By partnering with a private entity, the district is "trying to be a good neighbor," said Libby. "We are trying to do the best we can to serve the community."
She anticipates that the expansion of public school pre-K capacity in Camden and Rockport will cost approximately $956,610. Of that, the state will reimburse the district $735,860, leaving an estimated $220,750 for the two towns to fund.
The funding from the State of Maine for the SAD 28 pre-K expansion is broad and helps pay for facility renovations, staff recruitment and training, and other start-up costs linked to establishing new public pre-kindergarten programs, expanding to additional classrooms, or transitioning from part-day/part-week to full-day/full-week.
"Priority has been given to schools that partner with community programs such Head Start or child care, provide longer duration of education, and serve socioeconomically disadvantaged students," the DOE said.
In that partnership model, the district will oversee the services, but necessarily provide all the services. The district is, however, taking on the responsibility to make sure the needs are met, she said. The private entity classroom could include special ed students,
For the four-year-olds, Libby envisions that special education services will take place in an on-site, pre-school program for four year-olds, but that may not be the case for three-year-olds.

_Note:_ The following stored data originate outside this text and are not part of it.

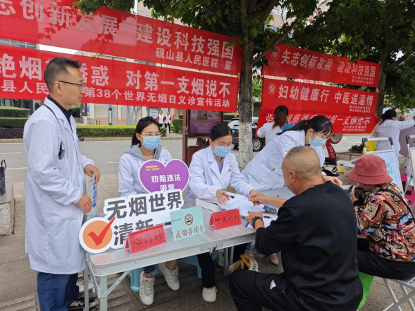 在砚山县,县人民医院组织医务人员开展无烟日义诊活动,为群众提供咨询问诊、免费测量血压血糖服务,同时向群众发放健康折页、健康教育处方,科普烟草危害及戒烟知识。医院同步开展院内职工无烟专题健康知识讲座,从烟草对身体的危害、控烟政策及戒烟技巧等方面深入讲解,以“内部先行”模式发挥医疗工作者在控烟行动中的示范引领作用。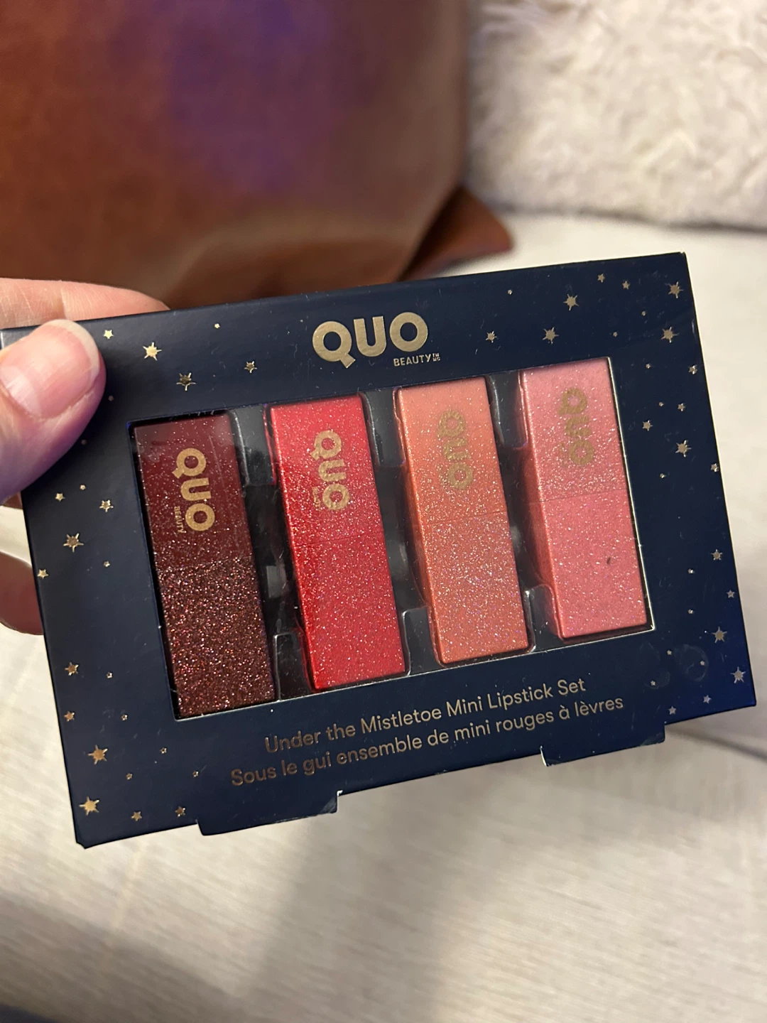 Selling a Quo Beauty Under the Mistletoe Mini Lipstick Set. It's a cute and fun set of 4 creamy lipsticks, finely dusted with glitter revealing a luxurious and moisturizing formula. Light, medium and deep shades have you covered morning, noon and night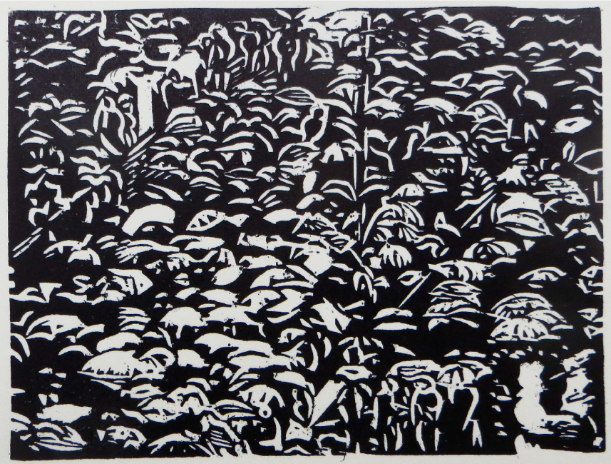 Disasters & Dreams series no 22. Hong Kong Umbrellas 2014 woodcut c 11 x 16 cm edition 30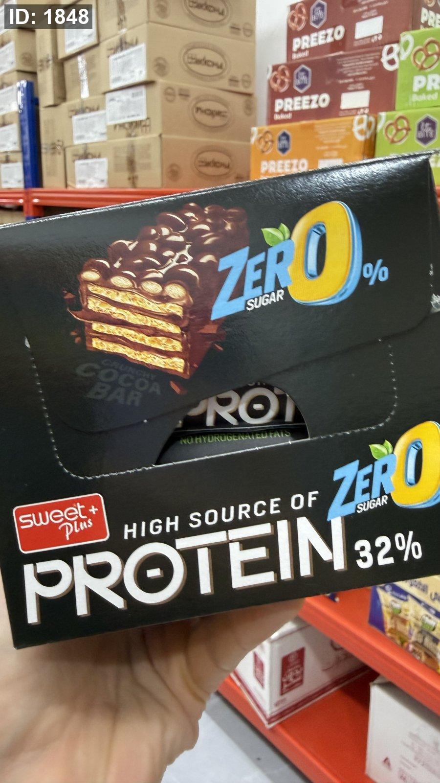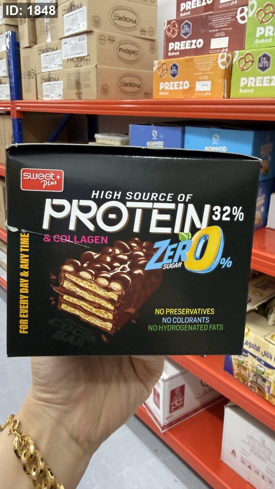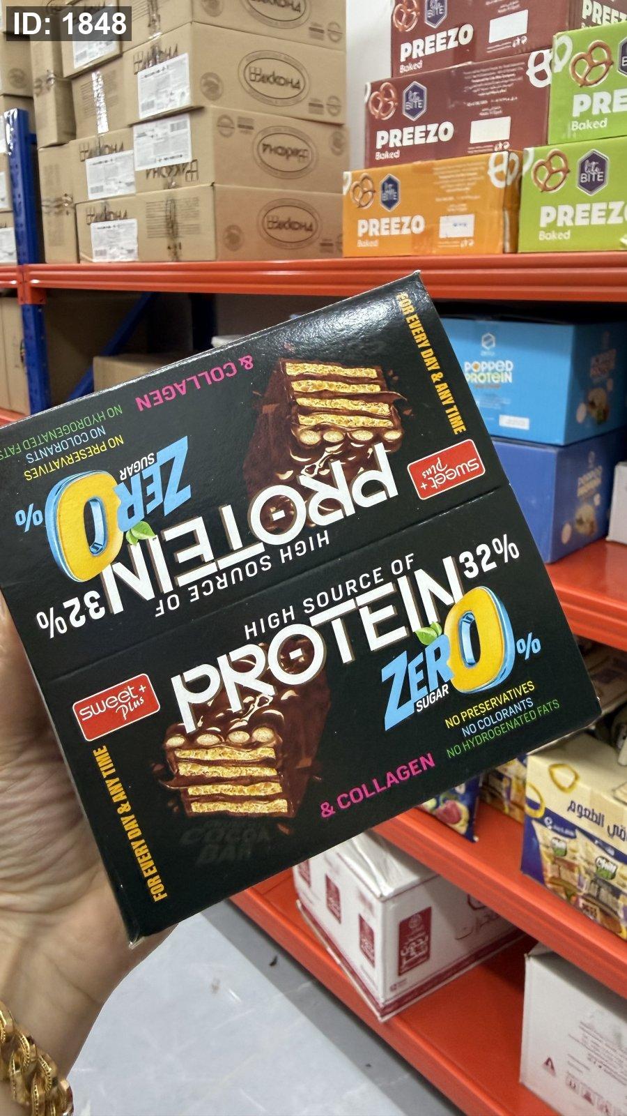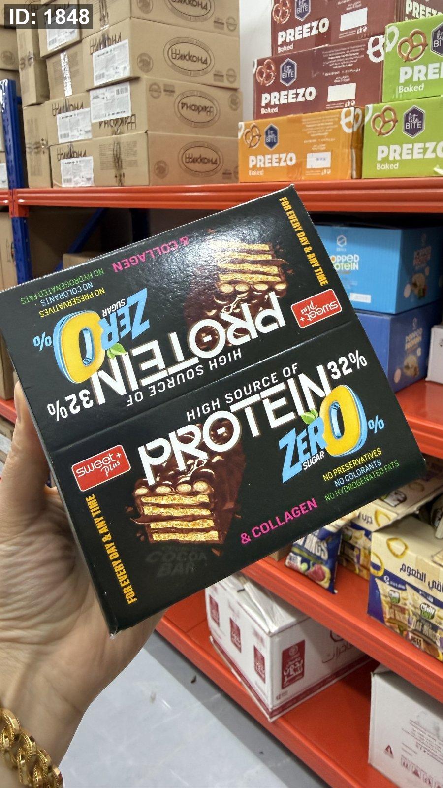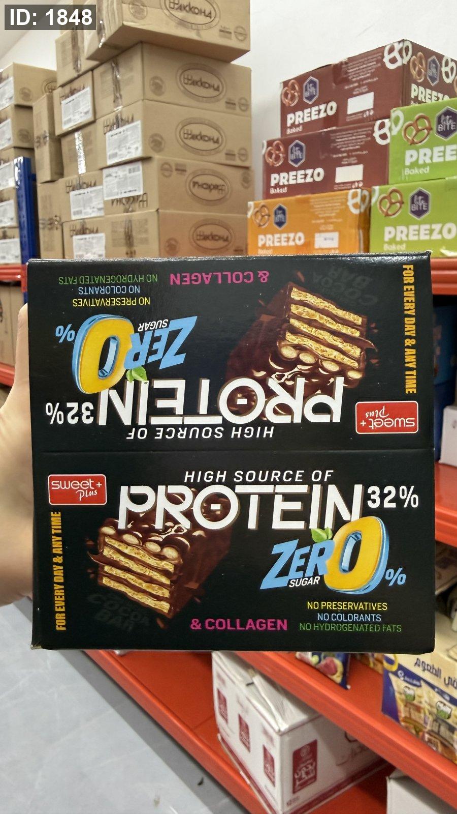بوكس = 12 حبة من ويفر بروتين sweet plus بالشوكولاتة كرسبي 32 ٪؜ بروتين مدعم بالكولاجين وخالي من السكر وزنه 42غرام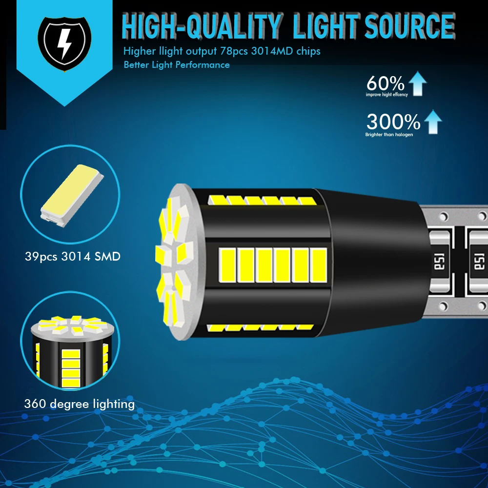 1 Total 39 Pieces 3014 SMD Chips 2 Standard T10 , 99% Close to Original Halogen Bulbs 3 Stable IC Driver , Canbusl Error Free , Fit 12V Cars

The partner would, if all goes as anticipated, also include special education students in its pre-K classroom, "but not high need" students, said Libby, at the Dec. 17 meeting.
SAD 28 has begun its process for shaping a 2026-2027 budget, and at the same Dec. 17 meeting, Libby reported that the district continues its balancing for the 'right size staffing to align with enrollment and needs' and has been analyzing every position in the elementary and middle schools.
She had projected last fall that the 15% enrollment decrease at Camden-Rockport Elementary School would eventually stabilize at approximately 295 students (as of October there were 319 students at CRES).
SAD 28 will be finalizing cuts and then talk with teachers this month who will be affected by those cuts, said Libby. The proposed budget will be presented to the board in mid-February.
Meanwhile, the effort to expand pre-K will continue.
"Early intervention is the best investment a community can make and saves money down the road," Libby said.
She said the combined SAD 28 and Five Town CSD (overseeing Camden Hills Regional High School) boards agreed over the last decade to divert all of the CSD Title One federal funding to SAD 28, "because we so firmly believe that early intervention is so important."
That beefs up literacy intervention at the younger grades, she said.
"We believe it is so much better to spend the money in the early grades with literacy intervention than it is to wait until kids are in high school," said Libby.
In return, SAD 28 gives the CSD a larger share of its Title Two (federal funding to improve the quality and effectiveness of teachers, principals, and other school leaders) money to offset what was directed to the lower grades, she said.
"Our current pre-school kids who are in the classroom come into Kindergarten light years ahead of most incoming Kindergarteners, because they have been in our system, they understand things, they know how to be in school, and they hit the ground running," she said. "I think it is one of the single most valuable places we can put our resources."